• TASK TO CARRY OUT: Only those lines in the data below from the line containing "曾国平与两所学校校长分别签订" through the line containing "Trend-ə verilən məlumata", both included, should be restated word for word.

[[ INPUT FOR THIS TASK, beginning ]]

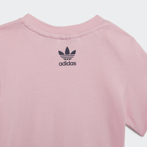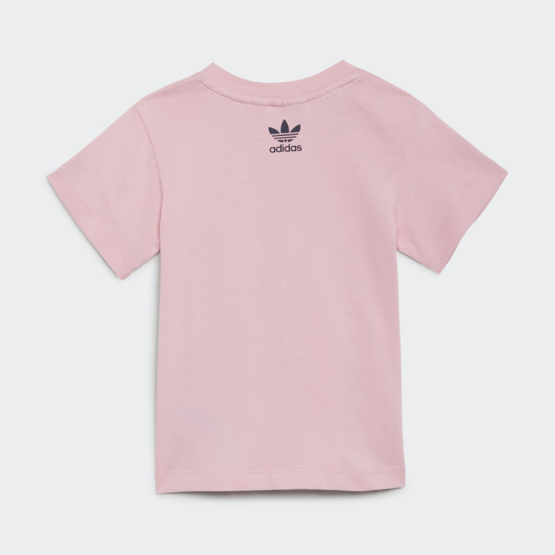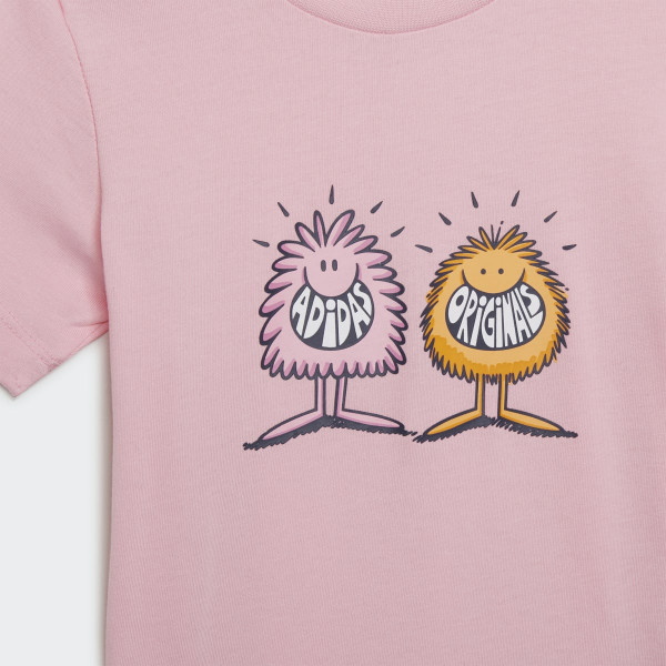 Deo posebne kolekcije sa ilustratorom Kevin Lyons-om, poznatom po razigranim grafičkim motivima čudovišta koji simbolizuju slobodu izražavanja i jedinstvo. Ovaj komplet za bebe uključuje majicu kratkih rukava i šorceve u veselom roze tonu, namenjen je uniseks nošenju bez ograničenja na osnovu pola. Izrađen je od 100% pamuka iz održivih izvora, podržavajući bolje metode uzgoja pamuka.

[[ INPUT FOR THIS TASK, end ]]
[[ INPUT FOR THIS TASK, beginning ]]

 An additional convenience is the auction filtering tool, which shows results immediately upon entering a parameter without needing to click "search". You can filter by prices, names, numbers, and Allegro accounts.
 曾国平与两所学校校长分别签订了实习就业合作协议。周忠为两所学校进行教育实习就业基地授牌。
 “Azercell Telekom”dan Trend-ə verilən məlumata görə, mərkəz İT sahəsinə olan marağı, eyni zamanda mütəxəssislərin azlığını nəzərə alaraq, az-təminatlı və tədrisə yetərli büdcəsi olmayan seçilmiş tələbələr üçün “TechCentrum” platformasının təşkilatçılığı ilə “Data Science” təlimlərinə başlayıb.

[[ INPUT FOR THIS TASK, end ]]
[[ INPUT FOR THIS TASK, beginning ]]

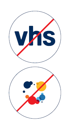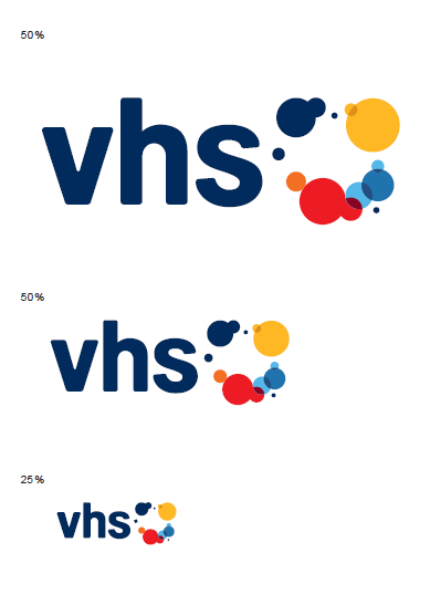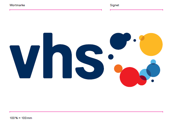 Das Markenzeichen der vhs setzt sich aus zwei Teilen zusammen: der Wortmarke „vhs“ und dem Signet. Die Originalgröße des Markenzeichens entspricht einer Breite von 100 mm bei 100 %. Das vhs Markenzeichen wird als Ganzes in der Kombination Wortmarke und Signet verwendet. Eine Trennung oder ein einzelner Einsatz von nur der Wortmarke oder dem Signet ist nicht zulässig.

[[ INPUT FOR THIS TASK, end ]]

• SOLUTION TO THIS TASK:
 曾国平与两所学校校长分别签订了实习就业合作协议。周忠为两所学校进行教育实习就业基地授牌。
 “Azercell Telekom”dan Trend-ə verilən məlumata görə, mərkəz İT sahəsinə olan marağı, eyni zamanda mütəxəssislərin azlığını nəzərə alaraq, az-təminatlı və tədrisə yetərli büdcəsi olmayan seçilmiş tələbələr üçün “TechCentrum” platformasının təşkilatçılığı ilə “Data Science” təlimlərinə başlayıb.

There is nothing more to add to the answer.